24/11/2012

Et le rossignol se tut…

Sa dernière apparition sur une scène d’opéra datait de douze ans, mais personne ne l’avait oubliée. Elle restait la plus grande, l’inégalée, la diva des divas, la Callas, quoi… Elle, la femme la plus célèbre du monde, ne passait plus ses journées qu’à écouter ses vieux enregistrements et, lorsque les excitants avaient réussi à vaincre les barbituriques avalés la veille pour trouver un oubli momentané, ne sortait plus de son appartement que pour promener ses caniches, rue de la Pompe, à Paris. Quel destin que celui de la Callas, plus terrible peut-être que celui de Norma, un de ses rôles favoris, qui, elle aussi, avait été trahie par son amant, mais qui, elle, avait eu au moins la chance d’avoir des enfants. Il y a une dizaine d’années, Zeffirelli prétendit qu’elle avait été assassinée par une pianiste grecque de ses connaissances. Ce serait trop vulgaire. C’est le malheur qui a tué Maria Callas, ce malheur qui l’a toujours poursuivie depuis l’enfance, même quand il se dissimulait momentanément derrière l’amour, la gloire et la richesse.

J’ai demandé à la magnifique soprano Brigitte Hool d’évoquer avec moi la Callas. Toute petite fille, elle était bien loin de penser à une carrière de chanteuse, ce 17 septembre 1977. Pourtant, elle m’a confié que Maria Callas est encore un de ses professeurs favoris, tant elle écoute et réécoute ses enregistrements, découvrant toujours d’autres secrets d’interprétation. Pour Brigitte Hool, la Callas reste la plus grande.
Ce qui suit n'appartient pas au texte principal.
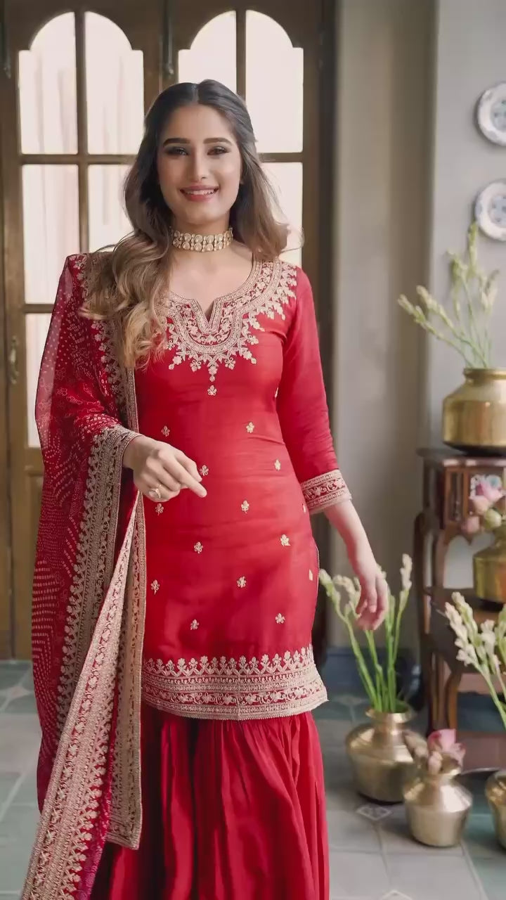 Sarara: Fabric – cosmo Thread with Sequnce with Codding work Length – 38” Dupata-

Je suis, modestement, du même avis. Même si je me méfie un peu de ces stars qui trouvent tant de charme aux milliardaires hideux. Quand j’aurai gagné le jackpot de l’EuroMillions, je me réserve, bien sûr, le droit de revenir sur cette opinion à l’emporte-pièce. Somme toute…

«Somme toute…»
Tous les dimanches, à 13 h

10/11/2012

Comme un avion sans ailes…

Ce jour-là, le ciel nous est vraiment tombé sur la tête. La pire humiliation jamais connue depuis la bataille de Marignan, ou le massacre des Tuileries, voire même la non-désignation de Sion pour les JO de 2006. Une journée effroyable, bien plus douloureusement gravée dans nos mémoires que tous les dimanches noirs de Delamuraz.

Swissair, notre fierté nationale qui, comme les talonnettes pour Sarkozy, permettait au Suisse de se croire l’égal des Grands, l’entreprise si arrogante qui nous consolait de notre modestie congénitale, celle que les Romands, comme tous les cocus amoureux, adoraient encore plus après ses infidélités et son mépris affiché pour notre aéroport était clouée au sol, comme une vulgaire compagnie de brousse africaine… Parodiant Giraudoux, en raison des circonstances, le mot «impossible» était redevenu, sinon français, du moins helvétique.

François Clavadetscher était commandant de bord sur MD-11 à l’époque. Il apprit la nouvelle du «grounding» par un télex reçu dans son cockpit, entre São Paulo et Santiago. Il nous racontera demain cette journée de fin du monde. Et puis, comme souvent après les fins du monde, la vie reprit, laissant pas mal de monde sur le carreau, employés ou petits actionnaires. Une nouvelle compagnie naquit bientôt… Mais l’histoire ne se répète jamais totalement, on le sait…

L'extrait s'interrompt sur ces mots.